CON: Pia De Solenny, Diothima Consulting; John Geis, Family Policy Institute of WA; Ed Stanley, Human Life of WA; Paul Robertson, Mercer Island resident; Bob Struble, Knights of Columbus.

Staff Summary of Public Testimony (Ways & Means): PRO: The bill protects women’s reproductive autonomy. The state is protected from any loss of federal funds. Loss of federal funds is remote, if nonexistent. Insurance costs will not increase; savings will result. By Initiative 120 in 1991, the voters of the state established state policy on this subject. The bill is necessary to guarantee access to services.

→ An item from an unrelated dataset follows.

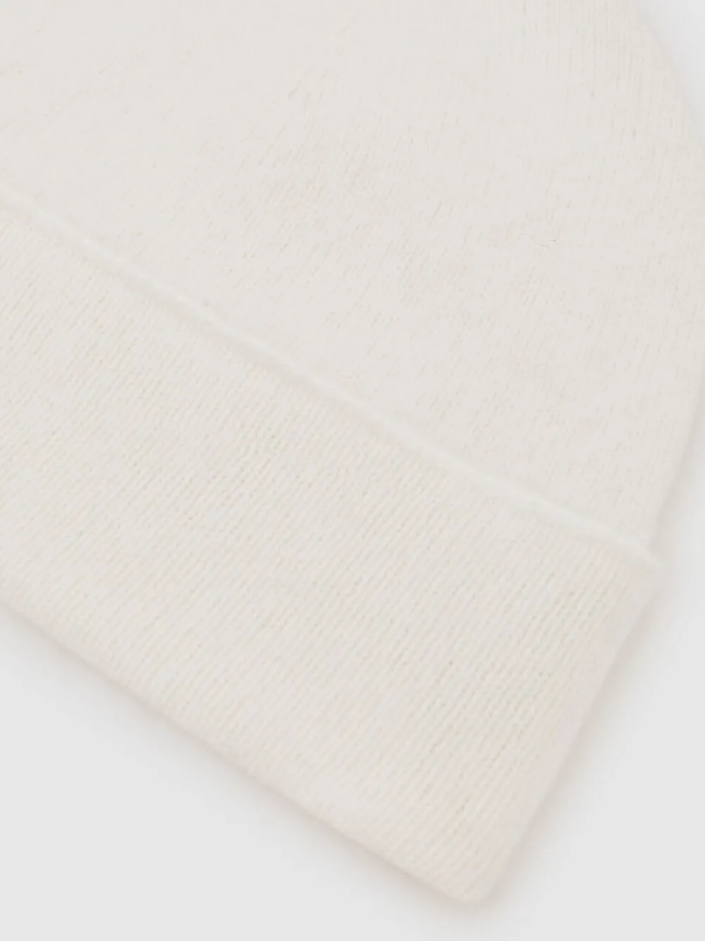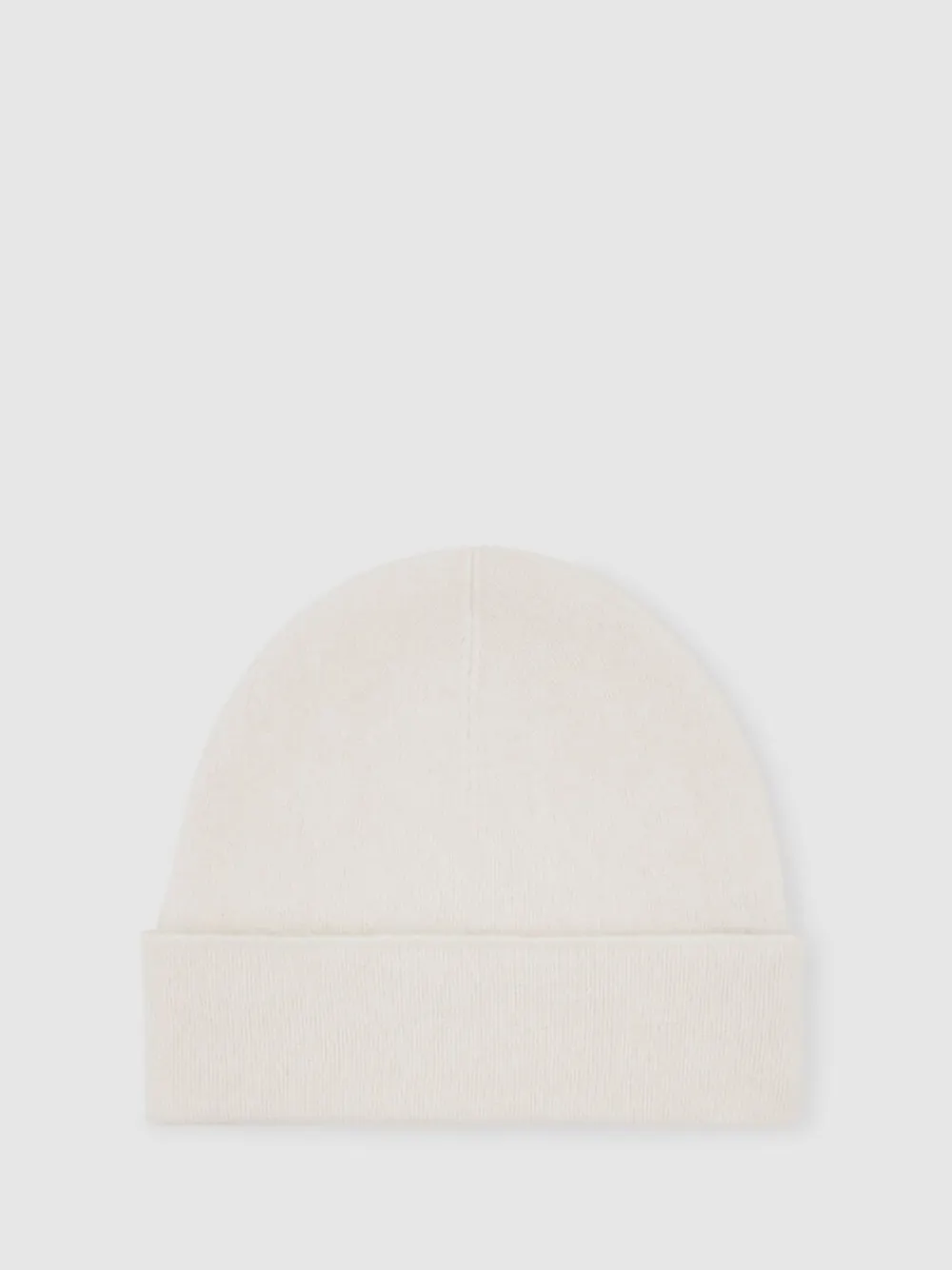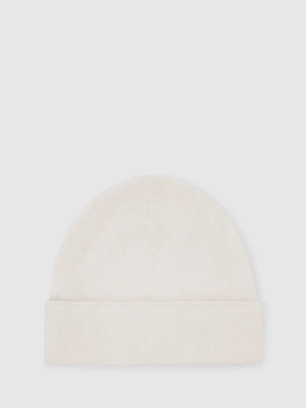 The Alba beanie is crafted from 100% cashmere, offering a luxuriously soft and lightweight feel. Its fine ribbing and turn-up design create a timeless silhouette for cold-weather layering. 100% cashmere Fine ribbing Turn-up design Hand wash only. 100% Cashmere.

CON: This bill will increase insurance premiums to pay for the mandated coverage. Six billion dollars of federal funds are at risk. This is a nonessential and voluntary service. This legislation violates religious beliefs and the U.S. Constitution. Abortion devastates our families and our society. Expanding insurance mandates will increase public costs. This violates faith, freedom of religion and conscience, and federal law. The bill is unnecessary because all current insurance policies in the state cover this service. This new insurance mandate will discourage the location of new businesses in this state.

Persons Testifying (Ways & Means): PRO: Melanie Smith, NARAL Pro Choice WA; Lisa Stone, Legal Voice.

CON: John Geis, Family Policy Institute; Jeanne Belmonte, Julie Covell, Gellert Dornay, Della O’Halloran, Paul Robertson, citizens.